## Data items
◆ ◆ ◆ ◆
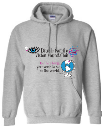
HOODIE - $30
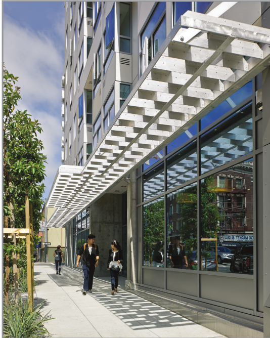
Interlude: Marquee and canopy (aluminum)

Artist at CITYSPACES ® 1321: The Panoramic
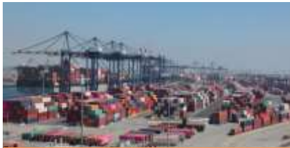
Customs Clearance and Tax Payment
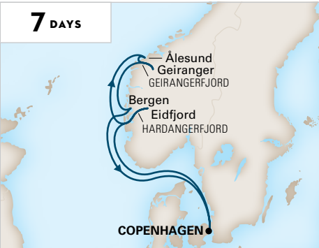
NORSE LEGENDS ROUNDTRIP COPENHAGEN Nieuw Statendam Jul 26
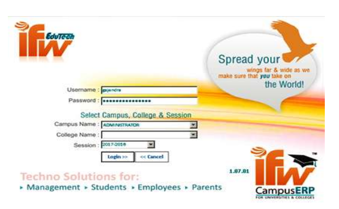
Fig 2- Registration Page

Volume No.07, Special Issue No. (02), January 2018 www.ijarse.com
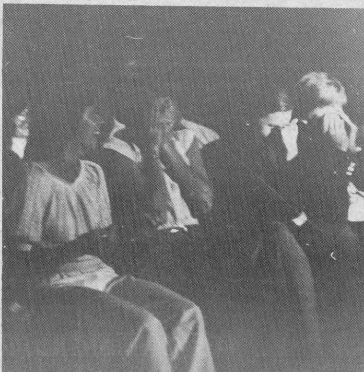
FLASHBACK: How did Steve Camp embarrass these good Christian concert-patrons?

Saturday, October 6, 1979, a concert will be held at Lord's Chapel beginning at 7:30 p.m. Brethren and The Songwriters will be performing and a love offering will be received. Lord's Chapel sponsors many concerts through the year. We will try to keep you informed.
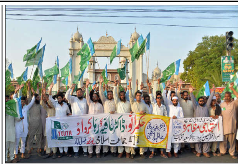
FAISALABAD: Workers of Jamat-e-Islami (Youth Wing) are shouting slogans holding banner and flags during protest to show solidarity with Aafia Siddiqui, at District Council Chowk in City.
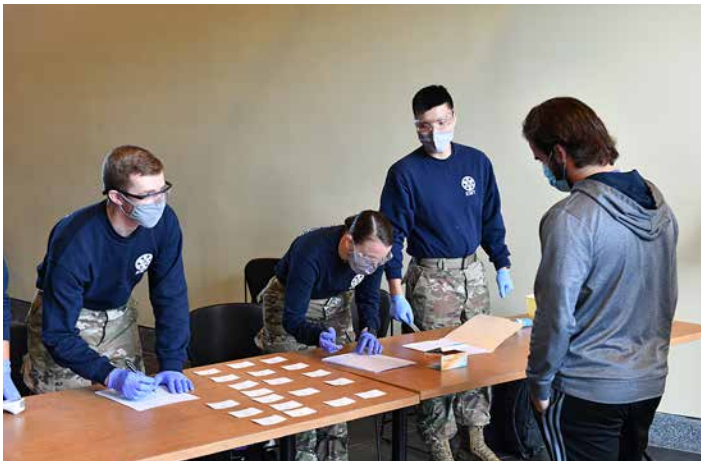
Cadets EMTs check in a prospective cadet during the first admissions open house Oct. 3.
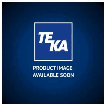
Activated carbon 7,5 kg for LFE unit Product No.: 100197310
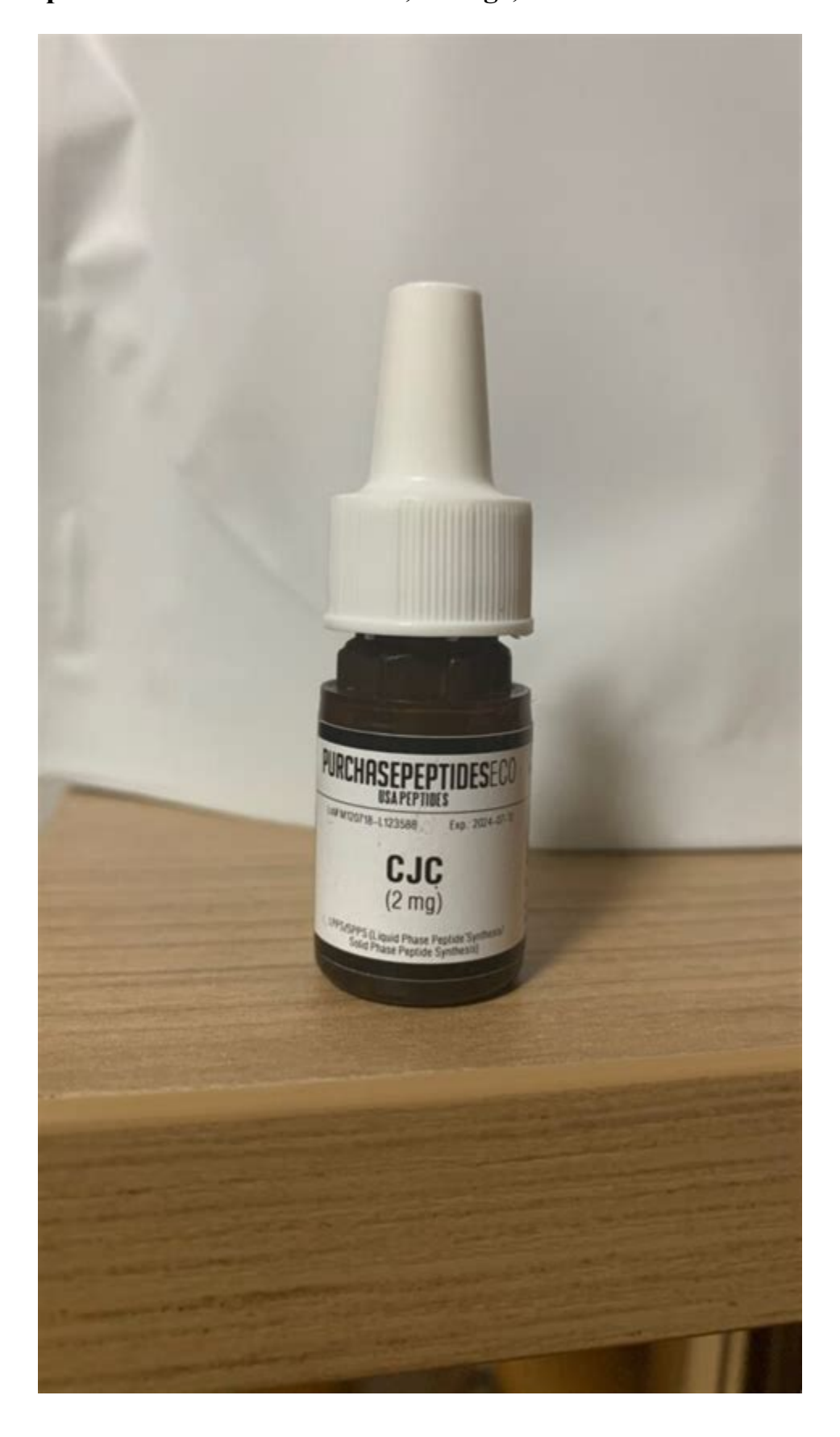
CJC-1295 Peptide Review Guide- Effects, Dosage, Side Effects
◆ ◆ ◆ ◆
## TRY IT
Find the string "during" in the entries above. Copy each line where it occurs.

## TASK OUTPUT
FAISALABAD: Workers of Jamat-e-Islami (Youth Wing) are shouting slogans holding banner and flags during protest to show solidarity with Aafia Siddiqui, at District Council Chowk in City.
Cadets EMTs check in a prospective cadet during the first admissions open house Oct. 3.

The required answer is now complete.